A visit to my gynecologist, who was an old guy in his late 70’s and on staff at Jefferson, revealed a cervical tumor the size of a grapefruit. Funny how as I never had any issues before in my life and here you go: what do I get butmy first one comes out of the gate like gangbusters. I was on the doorstep of stage three cancer.

Welcome to the world of cancer.

Fortunately, I had the luck of being sent down to a oncologic gynecological surgeon, Charles Dunton, who was working on a protocol for cervical cancer. I had daily radiation, chemotherapy, a radiation implant, and two weeks prior to my scheduled total hysterectomy, my pre-operative exam found NO tumor! The surgeon said he would have never know what was there, if he hadn’t been in on my case from the beginning. They had to do my surgery, because there was no guarantee the cancer hadn’t gone into my lymph nodes.One of my BFF’s, Kate, would come down from Pittsburgh on the weekends when I was in Jeff and there is no better buddy in the world…**Note to Kate-how I remember those 7th floor Gibbon visits-you ALWAYS were my rock!**

Fast forward through later cancers and health issues, loss of family members, finding my Jim, gaining two girls named Zush and Kasia, and my mother’s dementia.

God has me here for a reason, although when friends are suddenly gone due to cancer, I will be the first to admit the survivor’s guilt is great. I no longer wonder why I am still here. I just accept it, give thanks for it and realize a greater statement was never made than….” If it doesn’t kill you, it makes you stronger.’

I can’t even walk and chew gum at the same time…

I can’t even walk and chew gum at the same time…and juggling life issues is something I really can hope to stop doing someday.

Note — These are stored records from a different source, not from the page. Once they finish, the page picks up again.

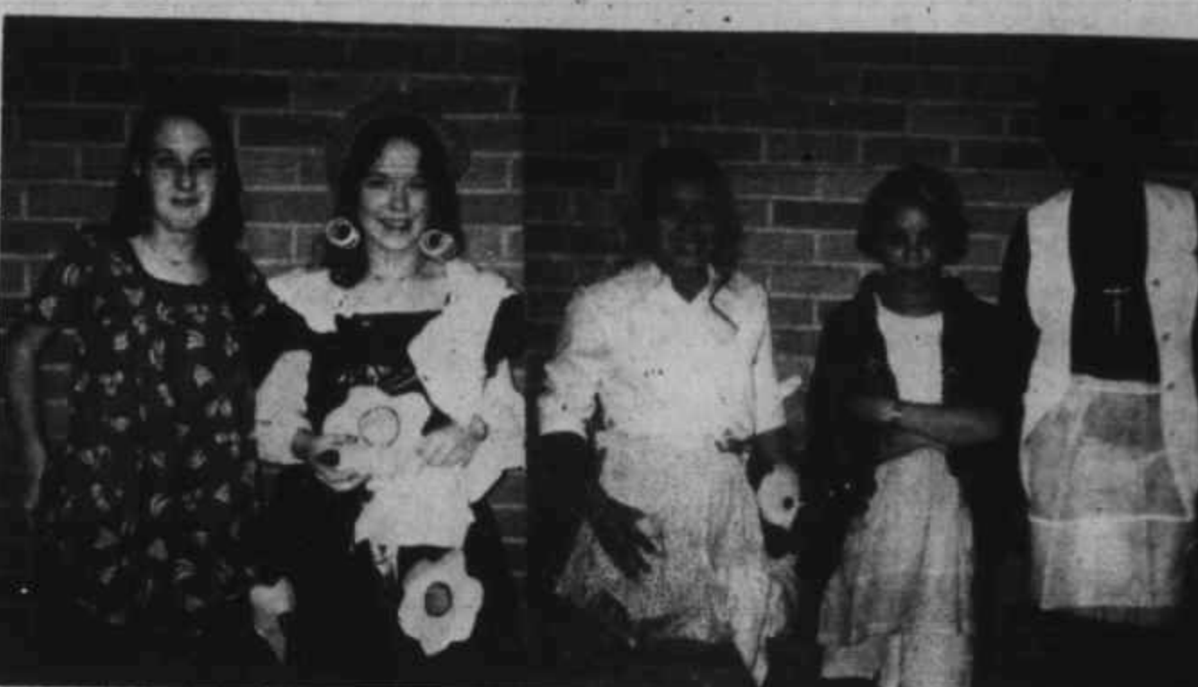
At the annual Future Homemakers of America Mother-Daughter Banquet held Tuesday evening of last week in the Rice High School Commons the five young ladies above performed in a delightful skit entitled "From May to September" recognizing mothers from the time of a new bride till
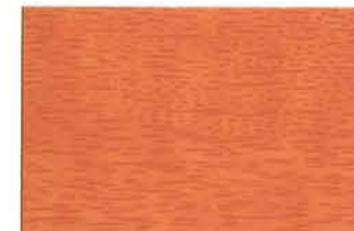
Peach Schnapps 10CW29
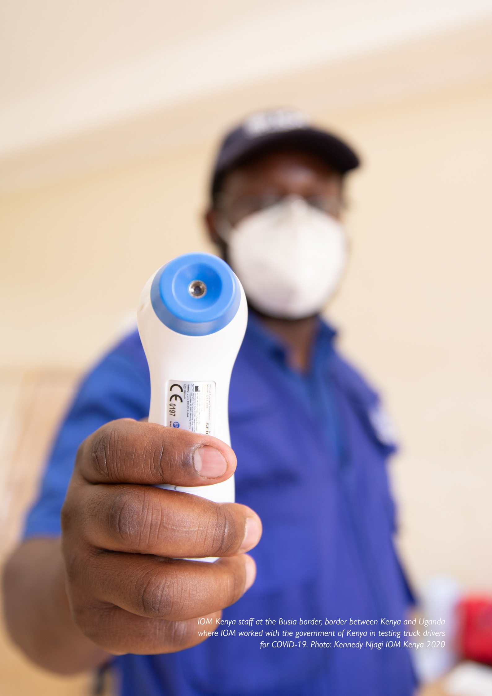
IOM Kenya staff at the Busia border, border between Kenya and Uganda where IOM worked with the government of Kenya in testing truck drivers for COVID-19.
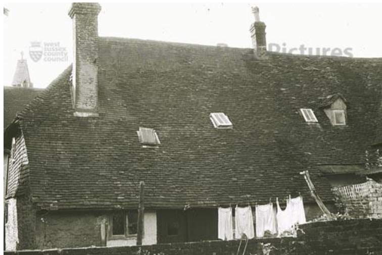
These photos above, courtesy of WSCC, show internal decorations and the rear view of Wool Lane

Looking at people 5 times my size on the bus this morning and wondering what can I do to move far away from my current size, outside of sewing my mouth shut… I am writing down and counting calories, but looking at fellow passengers on a bus at 5:40 am, well, makes you question metabolism, sleep and a “hurry up and eat or you’ll be late” mechanism.

Just got off the phone with my brother Bob talking about Mom and family issues.

**sigh**

Trying to keep my life at home going at an even keel.

Trying to recover from Saturday’s fall.

“The job”.**sigh**

Zush and Kasia on Benadryl.

I guess you just keeping juggling until you drop something, right?Guess I just have to go out and get some fresh velcro for my hands to keep things going.